*** Block opens ***
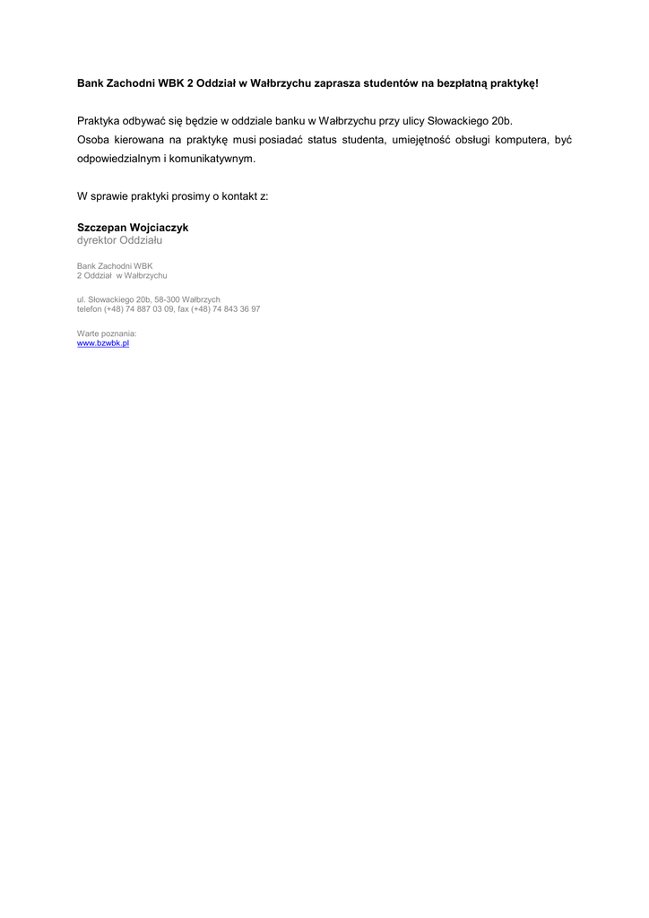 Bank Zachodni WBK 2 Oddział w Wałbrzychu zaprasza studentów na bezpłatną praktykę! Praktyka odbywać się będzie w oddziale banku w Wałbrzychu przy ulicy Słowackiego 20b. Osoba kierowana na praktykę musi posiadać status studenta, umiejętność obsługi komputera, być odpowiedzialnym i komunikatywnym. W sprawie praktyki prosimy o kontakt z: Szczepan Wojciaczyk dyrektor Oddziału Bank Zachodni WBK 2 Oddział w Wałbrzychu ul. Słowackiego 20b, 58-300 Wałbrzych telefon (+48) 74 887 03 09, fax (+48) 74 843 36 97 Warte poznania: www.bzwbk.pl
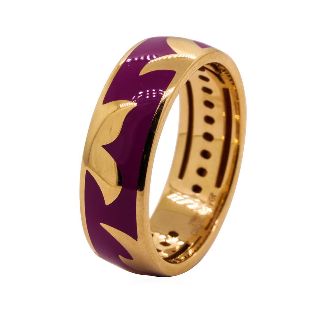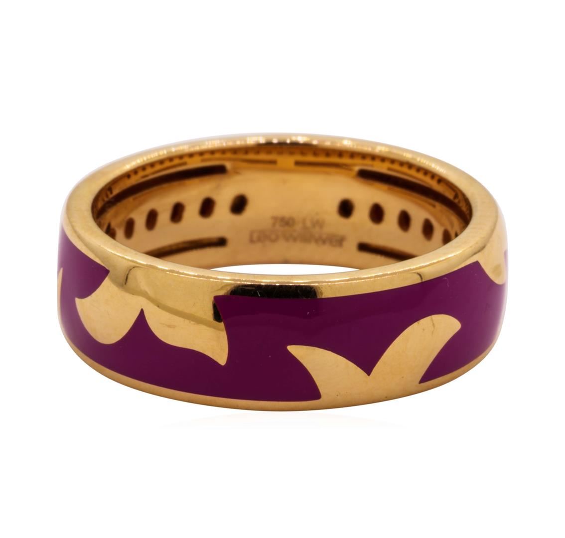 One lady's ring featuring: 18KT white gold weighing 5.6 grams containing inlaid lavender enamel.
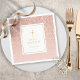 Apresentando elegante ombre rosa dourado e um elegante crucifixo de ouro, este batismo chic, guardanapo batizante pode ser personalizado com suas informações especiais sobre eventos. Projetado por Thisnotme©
*** Block closes ***
What you will do:
An exact copy of all the lines above is required, with the pictures removed.

Result below:
 Bank Zachodni WBK 2 Oddział w Wałbrzychu zaprasza studentów na bezpłatną praktykę! Praktyka odbywać się będzie w oddziale banku w Wałbrzychu przy ulicy Słowackiego 20b. Osoba kierowana na praktykę musi posiadać status studenta, umiejętność obsługi komputera, być odpowiedzialnym i komunikatywnym. W sprawie praktyki prosimy o kontakt z: Szczepan Wojciaczyk dyrektor Oddziału Bank Zachodni WBK 2 Oddział w Wałbrzychu ul. Słowackiego 20b, 58-300 Wałbrzych telefon (+48) 74 887 03 09, fax (+48) 74 843 36 97 Warte poznania: www.bzwbk.pl
 One lady's ring featuring: 18KT white gold weighing 5.6 grams containing inlaid lavender enamel.
 Apresentando elegante ombre rosa dourado e um elegante crucifixo de ouro, este batismo chic, guardanapo batizante pode ser personalizado com suas informações especiais sobre eventos. Projetado por Thisnotme©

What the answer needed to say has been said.